Услышанное не слишком обрадовало Жигалу, и он принялся мыть руки, понимал: чтобы вывести из мастерской этого человека, надо выйти с ним вместе и самому, а потом, попрощавшись, опять вернуться. Здесь у него срочный заказ, а режиссер дурит голову!..
Так и сделал. Уже прощаясь, Герд Плещеницкий угрожающе погрозил ему толстеньким коротким пальчиком, икнул, затем изрек:
— А Бобровский был человеком!..
Жигало же, как и планировал, вернулся в мастерскую и взялся за пейзаж с обнаженной женщиной. Пейзаж почти уже был готов, оставалась только женщина... Натура нужна, натура! Иначе не получится ничего.
А здесь и случай подвернулся: из динамика он услышал, что сегодня вечером в городскую библиотеку имени Герцена «Салон на Замковой», приглашаются поэты и поэтессы, разумеется, а также все желающие. Поскольку Жигало стихотворений не писал, то он отнес себя к последним — к желающим.
Читальный зал, в котором собирались литераторы и любители изящной словесности, был совсем небольшой. Сергей Данилов как-то пошутил в беседе с библиотекарями по возвращении от Ивана Шамякина, к которому ездил брать интервью для областной газеты, что у великого писателя квартира чуток побольше, чем вся библиотека. В ответ раздался иронический смех, и все знали — почему: уже сколько лет добиваются городские библиотекари, чтобы им подыскали новое, более просторное помещение. Не отказывают власти, но и не подыскивают. Их тоже понять можно. Рванул Чернобыль, и в городе тогда в срочном порядке начали создаваться различные структуры, связанные с ликвидацией последствий аварии. На улице же их не разместишь. А библиотека подождет. Может быть, и действительно подождет... Ну, не резиновый же, в конце концов, город.
Жигало же, взяв для вида журнальчик с какого-то стенда, сидит в зале, листает его и наблюдает за теми, кто сюда приходит. Сегодня санитарный день, поэтому читателей нет, а работает только салон.
Первым появился известный прозаик Анатоль Боровский, высок и статен, крепок с виду и довольно красив лицом. Он смерил взглядом Жигалу, и тому показалось, что писатель будто придавил его этим своим пронизывающим и острым взглядом к полу. А какая-то девушка, что сидела до появления художника уже за столиком и листала, как вот и он сейчас, журнал, поздоровалась с Боровским по-русски, тот тактично перевел ее же слова на белорусский и вернул ей назад. «Учитесь разговаривать по-белорусски, сударыня! Вы где живете?» Девушка смутилась, виновато утопила личико опять в журнале. А между прочим Антон Жигало успел увидеть в ее лице нечто такое, что подвигнуло его пригласить девушку в мастерскую. Она! Чем не натура? На фоне цветов, какими густо усеян заречный луг, среди куцых ив, что виднеются вдалеке, на фоне самолета, которого на картине, правда, нет, однако в небе рассеивается след от него, чем не решение, — она будет сидеть, как королева, как царевна, как!.. Сбил с толку тот же самый писатель, который сделал замечание теперь уже старику, пришедшему на салон с тростью в руке. Боровский довольно громко заметил тому на ухо, что надо разговаривать на родном языке, а он подставлял его, ухо, все ближе и ближе, не понимая, видать, чего от него тот хочет, и тогда писатель не выдержал, спросил:
— Ты чего сюда пришел?!
— А... ага! — моргнул глазами старик, кивнул утвердительно головой и сел.

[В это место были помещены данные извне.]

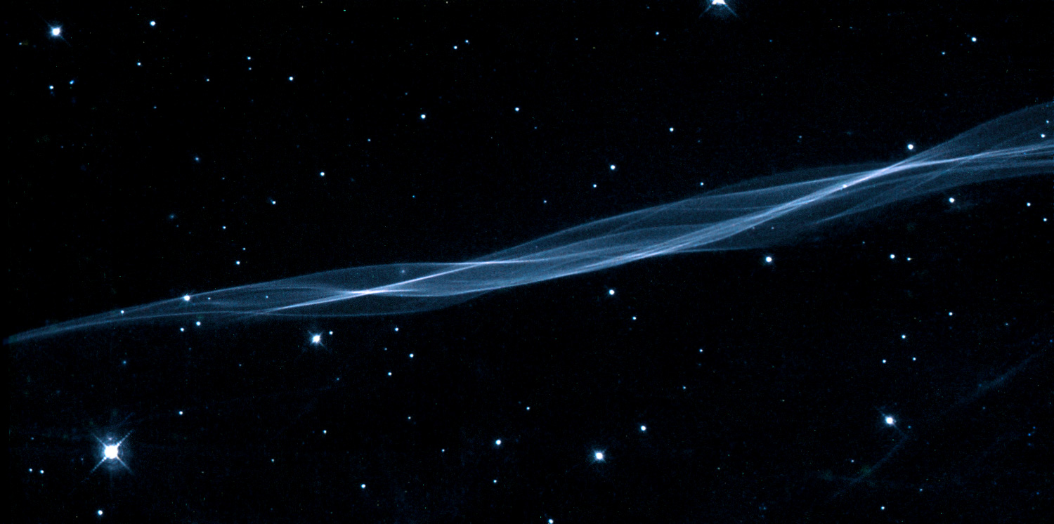This delicate Hubble Space Telescope image shows a tiny portion of the Cygnus loop, a supernova remnant in the constellation of Cygnus, the Swan. Measurements on this super-detailed image of a cosmic veil shows that the original supernova explosion took place only 5,000 years ago.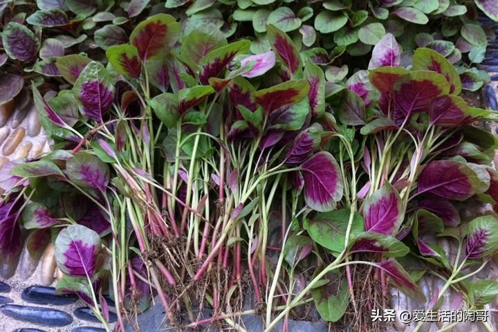 紅色莧菜,相對葉片要小一些,口感很軟棉,最好是做湯來喫,味道是比較鮮美的。

Почему так настойчиво и методично отстаивал белорусский язык Боровский, знали не многие. Нет, он не был чудиком, когда делал замечание прокурору области, что тот поздоровался с ним на русском, или кому-нибудь другому даже из числа руководителей города и области. Боровский был председателем областного общества белорусского языка имени Ф. Скорины, а поскольку он, где б ни работал, какую б должность ни занимал, относился к своим обязанностям с исключительной педантичностью, то все становилось на свои места. Плюс ко всему — патриот, тут ничего не скажешь, всего своего, родного, а его рабочим языком был белорусский, и поскольку он видел, как мгновенно уменьшается число его читателей, то у кого же должно болеть под левой лопаткой, как не у него, писателя!

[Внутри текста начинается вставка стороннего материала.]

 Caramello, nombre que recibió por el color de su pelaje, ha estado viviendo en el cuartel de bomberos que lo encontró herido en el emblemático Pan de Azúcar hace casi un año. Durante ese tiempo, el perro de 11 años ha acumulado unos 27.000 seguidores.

А вот и та женщина, которую Жигало видел в хосписе. Не ошибся: она, она. По всему было видно, что та здесь не впервые, свой человек, ведь подходила почти что к каждому, здоровалась, щебетала, и складывалось впечатление, что это не просто встреча в салоне на Замковой, а творческий вечер вот этой белокурой женщины — она, и это было особенно заметно второму творческому лицу, из кожи вон лезла, желая быть в центре всего здесь происходящего.
Кивнула женщина и Жигале, наклонилась к нему так близко, что обдала своим горячим дыханием его лицо, и сказала, чем напомнила, скорее всего, о цели своего визита в хоспис:
— А картины все же могли бы оставить больным людям!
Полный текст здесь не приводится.